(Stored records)
•••••

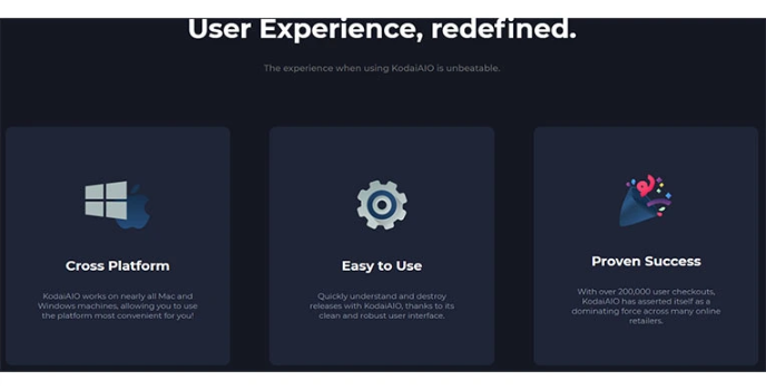 Kodai AIO works on all machines that support mac and windows, letting you use it on any platform which you think is most convenient to you. It has an easy-to-use interface with no complications that quickly understands and destroys the new releases. These Shopify Bots are a powerful force that dominates nearly all retailers. It is more than just a desktop application. They go above our expectations and ensure to excel in satisfying you in every possible way. Kodai AIO keeps evolving with new features to help create efficiency and help you to be always on the top during new releases.
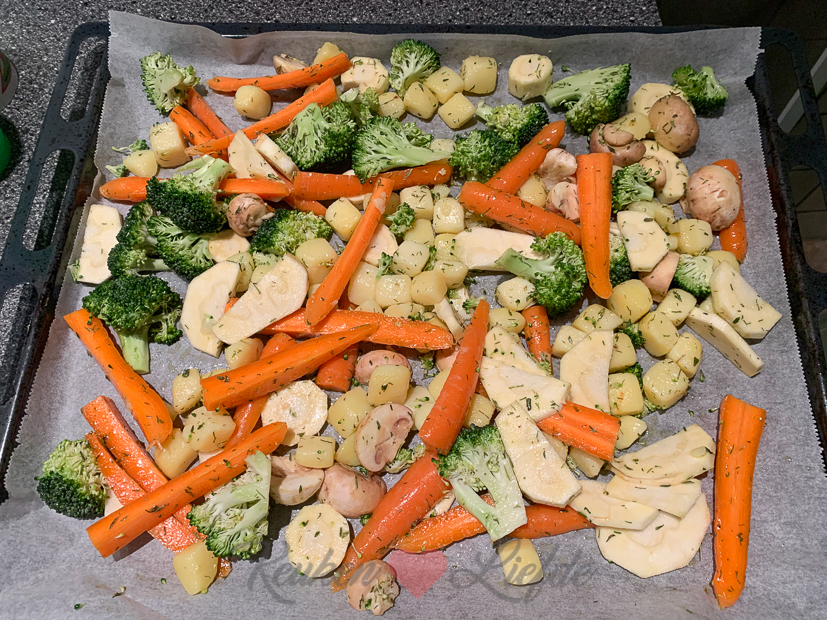 Ik ben niet vooruit te branden vandaag. Na het schrijven en publiceren van het wekelijkse Kijkje in de keuken deel ik een video in onze IG-stories van het resultaat van de keuken na het schilderwerk. Niet veel later komt Ella-Marie alweer uit school. Er moeten nog wat boodschappen gehaald worden en Ella gaat gezellig met me mee. We rijden ook even langs de Action om te kijken of ze de kralendoos weer op voorraad hebben die Ella zo graag wil. Iedere keer grijpt ze mis maar dit keer liggen er voldoende. Weer thuis ga ik de keuken in voor het avondeten. Ik snijd wat groenten (wortel, pastinaak, broccoli en champignons) voor op het bakblik, gooi er wat krieltjes bij en hup, schuif hem de oven in. De laatste 12 minuten leg ik er vissticks bij. Die worden niet zo krokant omdat ze op de groenten liggen maar het smaakt prima. Na het avondeten komt Johan zijn vader helpen om de keukenblokjes weer op zijn plek te zetten en alles aan te sluiten. Zo kunnen we voorlopig weer uit de voeten.
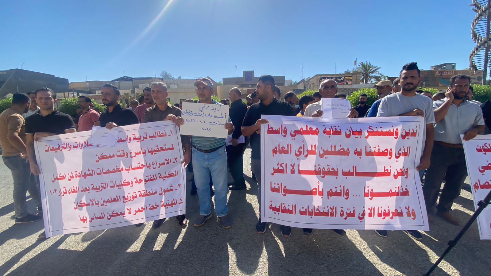 تربويو واسط يحتجون ويلوحون بالتصعيد لتأخر صرف مستحقاتهم
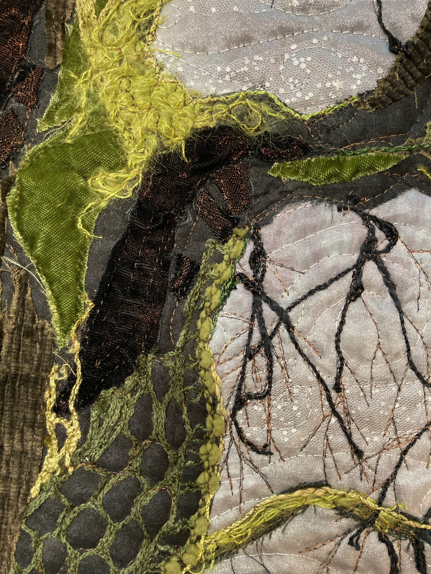 I spend a lot of hours riding my bicycle in the remote hills west of my town, where I have plenty of time to observe the changing seasons. Winter, though usually cold and dark, is full of drama and beauty. I was drawn to this gnarled moss-covered tree, backlit against a roiling storm sky. To me it captured the essence of winter in my world. I came home to see what I do with the image in fabric, hoping to exaggerate the elements in order to convey my experience.
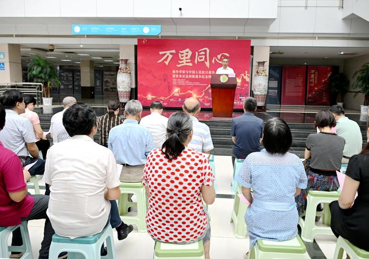 9月25日上午,“万里同心——海外华侨与中国人民抗日战争暨世界反法西斯战争纪念特展”图片巡展在学校图书馆一楼展厅举行。广东省侨联党组成员、副主席林健,学校党委常委、副校长、校侨联主席陈乐天出席仪式并致辞。

•••••

▸ TASK TO COMPLETE
Retype the whole of the data verbatim. Skip every picture.

▸ EXPECTED ANSWER
 Kodai AIO works on all machines that support mac and windows, letting you use it on any platform which you think is most convenient to you. It has an easy-to-use interface with no complications that quickly understands and destroys the new releases. These Shopify Bots are a powerful force that dominates nearly all retailers. It is more than just a desktop application. They go above our expectations and ensure to excel in satisfying you in every possible way. Kodai AIO keeps evolving with new features to help create efficiency and help you to be always on the top during new releases.
 Ik ben niet vooruit te branden vandaag. Na het schrijven en publiceren van het wekelijkse Kijkje in de keuken deel ik een video in onze IG-stories van het resultaat van de keuken na het schilderwerk. Niet veel later komt Ella-Marie alweer uit school. Er moeten nog wat boodschappen gehaald worden en Ella gaat gezellig met me mee. We rijden ook even langs de Action om te kijken of ze de kralendoos weer op voorraad hebben die Ella zo graag wil. Iedere keer grijpt ze mis maar dit keer liggen er voldoende. Weer thuis ga ik de keuken in voor het avondeten. Ik snijd wat groenten (wortel, pastinaak, broccoli en champignons) voor op het bakblik, gooi er wat krieltjes bij en hup, schuif hem de oven in. De laatste 12 minuten leg ik er vissticks bij. Die worden niet zo krokant omdat ze op de groenten liggen maar het smaakt prima. Na het avondeten komt Johan zijn vader helpen om de keukenblokjes weer op zijn plek te zetten en alles aan te sluiten. Zo kunnen we voorlopig weer uit de voeten.
 تربويو واسط يحتجون ويلوحون بالتصعيد لتأخر صرف مستحقاتهم
 I spend a lot of hours riding my bicycle in the remote hills west of my town, where I have plenty of time to observe the changing seasons. Winter, though usually cold and dark, is full of drama and beauty. I was drawn to this gnarled moss-covered tree, backlit against a roiling storm sky. To me it captured the essence of winter in my world. I came home to see what I do with the image in fabric, hoping to exaggerate the elements in order to convey my experience.
 9月25日上午,“万里同心——海外华侨与中国人民抗日战争暨世界反法西斯战争纪念特展”图片巡展在学校图书馆一楼展厅举行。广东省侨联党组成员、副主席林健,学校党委常委、副校长、校侨联主席陈乐天出席仪式并致辞。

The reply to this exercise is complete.